D&AD limbers up for annual awards tussle with Cannes
Which is the best awards show in the world? “Search me guv,” is the only realistic answer but the UK’s venerable D&AD (Designers and Art Directors as was) is putting in a challenge to the likes of Cannes and The One Show under the energetic direction of former agency boss Tim Lindsay. It’s an international event these days, of course.
How to define the best awards show is another interesting question. If it’s taking the most money and going on for longest it’s clearly Cannes. D&AD, an educational charity, is rather more purist.
D&AD was founded way back in 1962 by photographers David Bailey and Terence Donovan and designers Alan Fletcher and Colin Forbes of Pentagram. Forbes designed the striking logo. The admen came later and the two groups have been arguing likes cats in a sack for much of the intervening period.
D&AD’s stated purpose in life, coined all those years ago and it shows, is: “Benchmarking and rewarding great ideas that are well executed and appropriate.” How archaic is that? But it’s absolutely spot on. It’s what awards shows should be about; craft and effectiveness if you like. But isn’t ‘appropriate’ a much more gentlemanly way of expressing the latter?
So D&AD continued – with its highs and lows. The top award is a black pencil (harking back to its designer roots) followed by yellows. In 2000 it awarded a double black to AMV BBDO for its celebrated Guinness ‘Surfer.’ directed by Jonathan Glazer (if you want a big award get a Glazer) and repeated the double award in 2005 for Wieden+Kennedy London’s ‘Grrr’ for Honda (animation by Nexus, both below).
Double pencils were a touch controversial at the time, it does rather devalue the currency although it’s hard to imagine two better ads.
The now defunct Collett Dickenson Pearce is the most awarded agency in the history of D&AD, appropriately ennough. CDP was as much a child of the so-called ‘Swinging Sixties’ as Bailey and Donovan. Both worked on campaigns for the agency.
Its output was distinguished at least as much by ground-breaking art direction as brilliant writing and it first made its name, long before the likes of Heineken came along, by producing ads for the then new Sunday Times magazine, Britain’s first newspaper ‘colour supplement.’
No idea if this was one of them (although it was by CDP and almost certainly by Bailey):
And, not that many years later, that led to this and many others like it:
Did it win a pencil? Don’t know that either but it should have done. But that was the heyday of D&AD.

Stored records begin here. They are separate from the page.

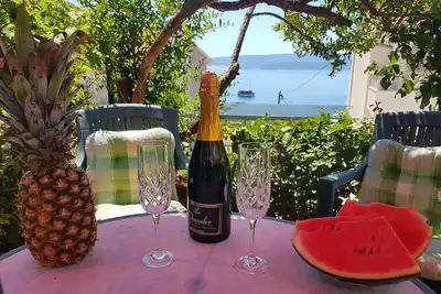 Profitez de vacances agréables et relaxantes dans notre villa Na More. Cet appartement avec une immense terrasse couverte offre une vue sur la mer jusqu'à l'île opposée de Brac. Une chambre et un gran ... lire la suite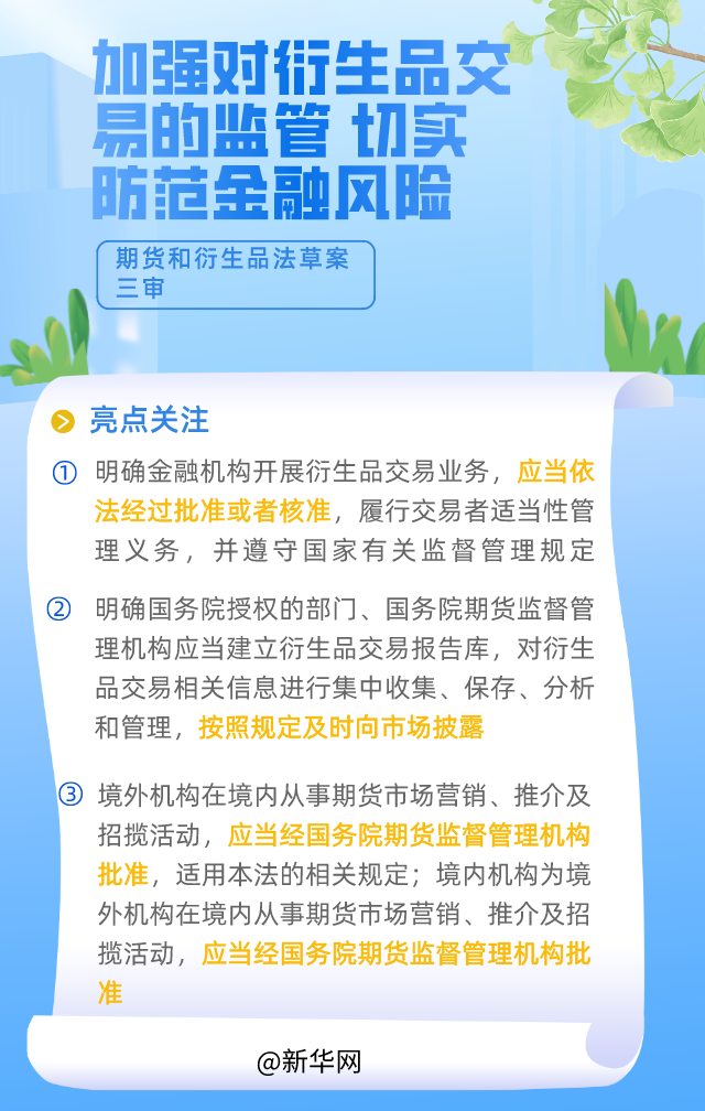 新华网北京4月19日电(记者 卢俊宇)十三届全国人大常委会第三十四次会议4月18日在北京开幕。本次常委会会议审议期货和衍生品法草案、职业教育法修订草案、体育法修订草案、黑土地保护法草案、妇女权益保障法修订草案。一起来看,有哪些亮点值得关注?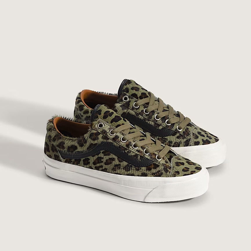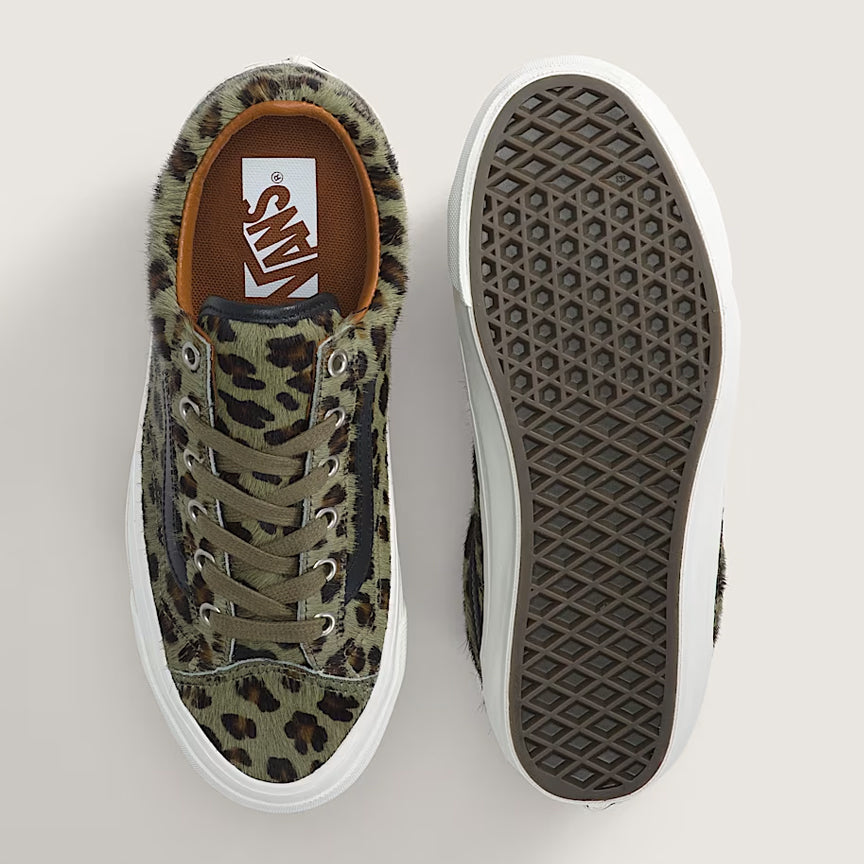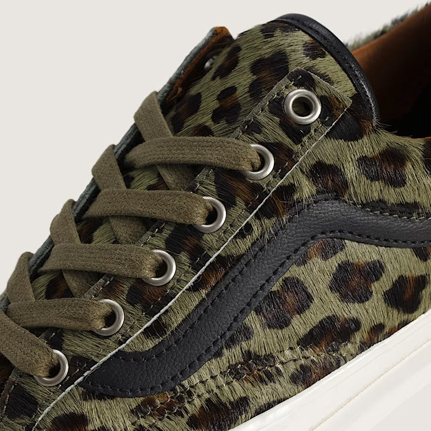 The Vans LX Old Skool 36 PRM "Cheetah" updates Vans' first sidestripe style design from 1977 ina look that hits the spot. This clean and classic new version of the low-top lace-up silhouette features a leather pony hair upper in a Cheetah fur motif with tonal overlays on the toecap, heel and eyestay, and a black leather side stripe. It sits on top of a vulcanized rubber cupsole with the Vans signature gum rubber Waffle outsole that is built to the exact original specs. OG features include high sidewalls with gloss finish, foxing tape inspired by OG '90s outsoles, Sola Foam ADC insoles, padded collar and black "Vans Off The Wall" license plate on the heel.

Tempus fugit of course and it looks as though D&AD is on the way back. After a week of judging it’s awarded the rather dizzying total of 848 pencils with the UK in the lead (hardly surprisingly) and the UK’s AMV BBDO as lead agency. The colour of these will be revealed on May 21.
Here are three of this year’s film pencil winners.
And some of the hard-working jurors.
In the recent past D&AD has been rather overshadowed by Cannes, which follows shortly after.
Maybe this year it might redress some of that balance.